The Congress of Vienna, held between September 1814 and June 1815, one of the most significant international conferences in history, was called to remake Europe after the downfall of the French Emperor Napoleon I.

Who? 

The Austrian emperor Francis I was the Congress’s host. Among the monarchs who attended the congress the most important were Czar Alexander I of Russia and King Friedrich Wilhelm III of Prussia. Von Metternich was the chief Austrian negotiator and presided over the congress; Viscount Castlereagh and, for a time, the Duke of Wellington represented Great Britain; other members of the Russian delegation included Count Nesselrode, Count Capo d’Istria, and Carlo Andreo Pozzo di Borgo; among the Prussian diplomats present were Karl August von Hardenberg, Wilhelm von Humboldt, and Karl von und zu Stein.
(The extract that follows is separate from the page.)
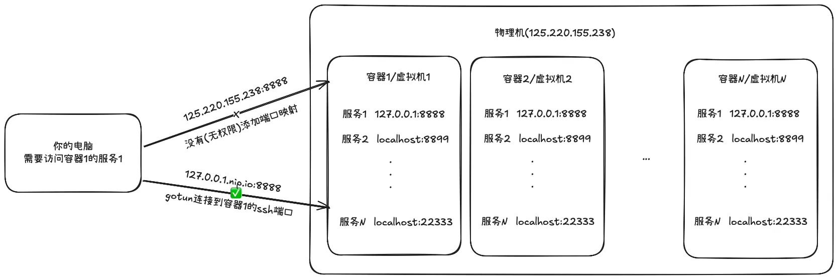你可以部署一个支持 SSH 访问的容器(例如,在容器启动时集成 SSH 服务),并将其 SSH 端口映射到宿主机。然后,在宿主机上运行 gotun,连接到这个容器的 SSH 服务。

    Charles Maurice de Talleyrand represented France.  By exploiting differences among the allies, Talleyrand soon obtained an equal voice for his country. All other European states, that had existed before the Napoleonic wars were represented, but almost all of the important work was carried out in committees under the tutelage of the four major powers (Russia, Prussia, Austria and Great Britain).

Issues: 

The problems confronting the congress were rather complex because the French Revolution and the Napoleonic Wars had dismantled the structure of Europe. Although the principle of legitimacy—restoration of the pre-Revolutionary dynastic and territorial states—was often invoked ceremoniously, it was the determination to achieve a balance of power for the preservation of peace that guided the Congress’s decisions. The principle of national self-determination for the states involved was rejected.

    

Territorial Adjustments 

Major territorial changes in post-Napoleonic Europe were unavoidable.  This was partly because of previous secret agreements reached among individual powers and largely because of the pressure of power politics. Major points of friction were the settlement of the Polish question, the conflicting claims of Sweden, Denmark, and Russia, and the adjustment of the borders of the numerous German states. Russia and Prussia were for the most part opposed by Austria, France, and Britain, which at one point in January of 1815, went so far as to conclude a defensive triple alliance. The shock of this crisis and of the alarming return of Napoleon I from exile so concerned the delegates that the Congress quickly began to find solutions for its difficulties.

 In the place of the Holy Roman Empire, the German Confederation was created. The Confederation's constitution was accepted on June 8, 1815, and was incorporated into the Final Act of the Congress, signed on June 9; nine days before Napoleon's defeat at Waterloo. The restoration of Louis XVIII in France and of Ferdinand VII in Spain were also confirmed. 

 Italy's hopes for unity were destroyed by the Congress: Naples and Sicily were reunited under Bourbon rule; the Papal States were restored; Parma, Piacenza, and Guastalla were given to French Empress Marie Louise for her lifetime; Tuscany and Modena were restored to the house of Hapsburg-Lorraine; the Lombardo-Venetian kingdom was set up under Austrian rule; and the formerly Venetian part of Dalmatia also went to Austria. The kingdom of Sardinia was restored and recovered Savoy, Nice, and Piedmont, and it received Liguria with Genoa.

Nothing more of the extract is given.